Information on the Bighorn Sheep

These generally diurnal ungulates are grazing animals who eat grass and a lot of broad-leaved herbaceous plants such as phlox, cinqefoil and clover. Grass-wise, bighorn sheep tend to gravitate toward wheatgrass, fescues and bluegrass among others. Those in arid desert environments also eat a lot of cactus and holly. Foliage, shoots and twigs also make up their basic diet. Bighorn sheep generally weigh between 140 and 300 pounds, according to the Defenders of Wildlife organization. They usually are deep brown, lighter brown or gray.

Geography of the Bighorn Sheep

These sturdy sheep are native to the United States, Canada and Mexico. They are especially common in northern Mexico and in western Canada and the western United States. They do not appear outside of North America. States that have bighorn sheep include Idaho, Utah, California, New Mexico and Nevada.

Habitat of the Bighorn Sheep

The natural habitat of these herbivorous mammals includes foothills, alpine meadows and slopes of mountains that have ample grass. Bighorn sheep do well in especially steep areas, as the tiny ledges often make for effective escapes against the species' biggest predators, such as bears, bobcats, mountain lions and coyotes. Bighorn sheep are typically drawn to locations near bluffs and rough, uneven-surfaced cliffs.
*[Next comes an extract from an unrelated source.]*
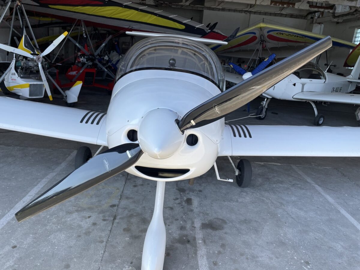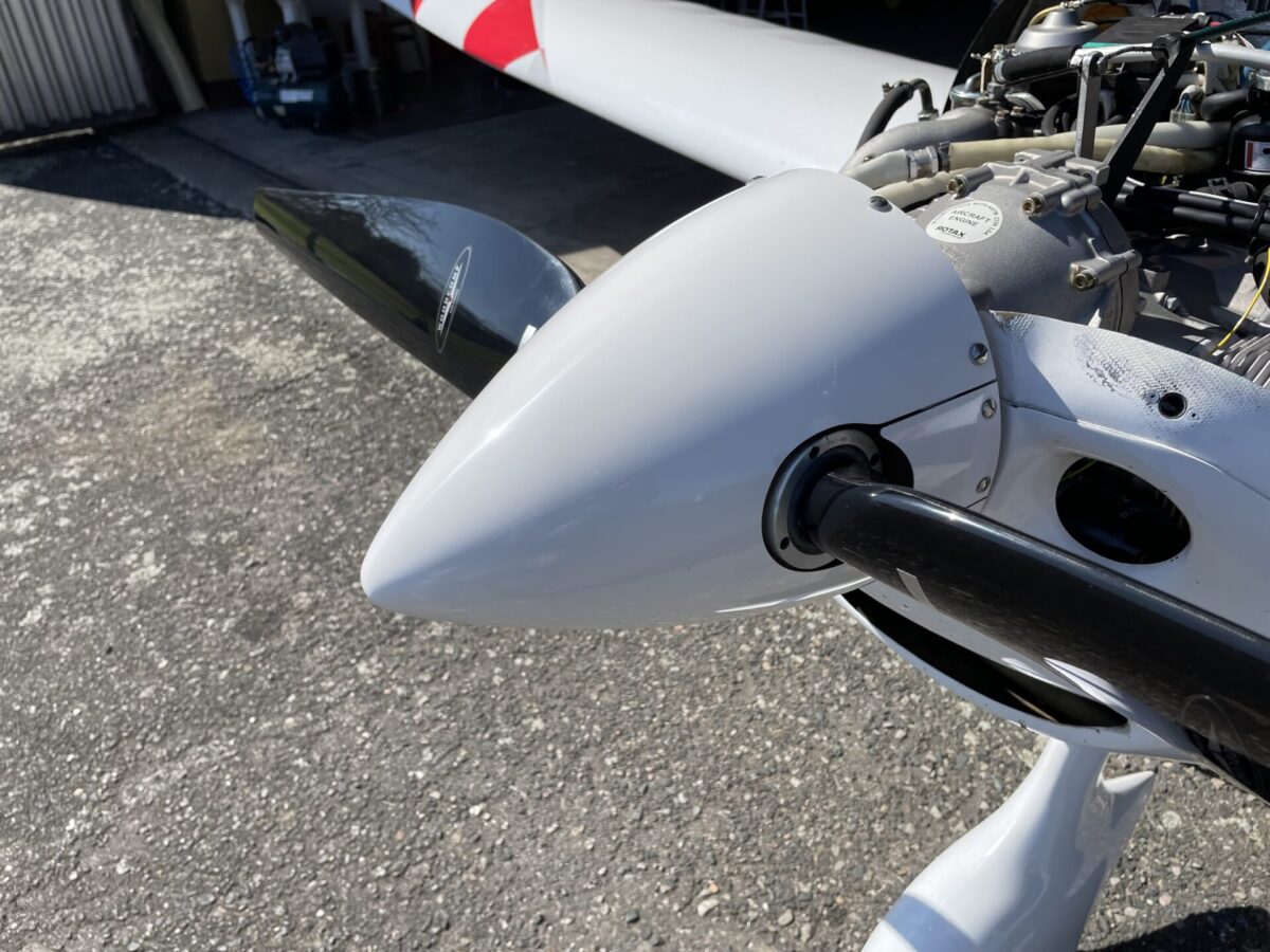 Za letu mechanicky stavitelná, kompozitová, dvoulistá vrtule po generální opravě.

Risks to the Bighorn Sheep Population

Bighorn sheep are not an endangered species, according to the Red List of Threatened Species from the International Union for Conservation of Nature. They are part of the "least concern" department because of their stable, under-control populations. However, potential risks include poaching. In Mexico, problems include damage to bighorns' habitat and competition with livestock over sustenance.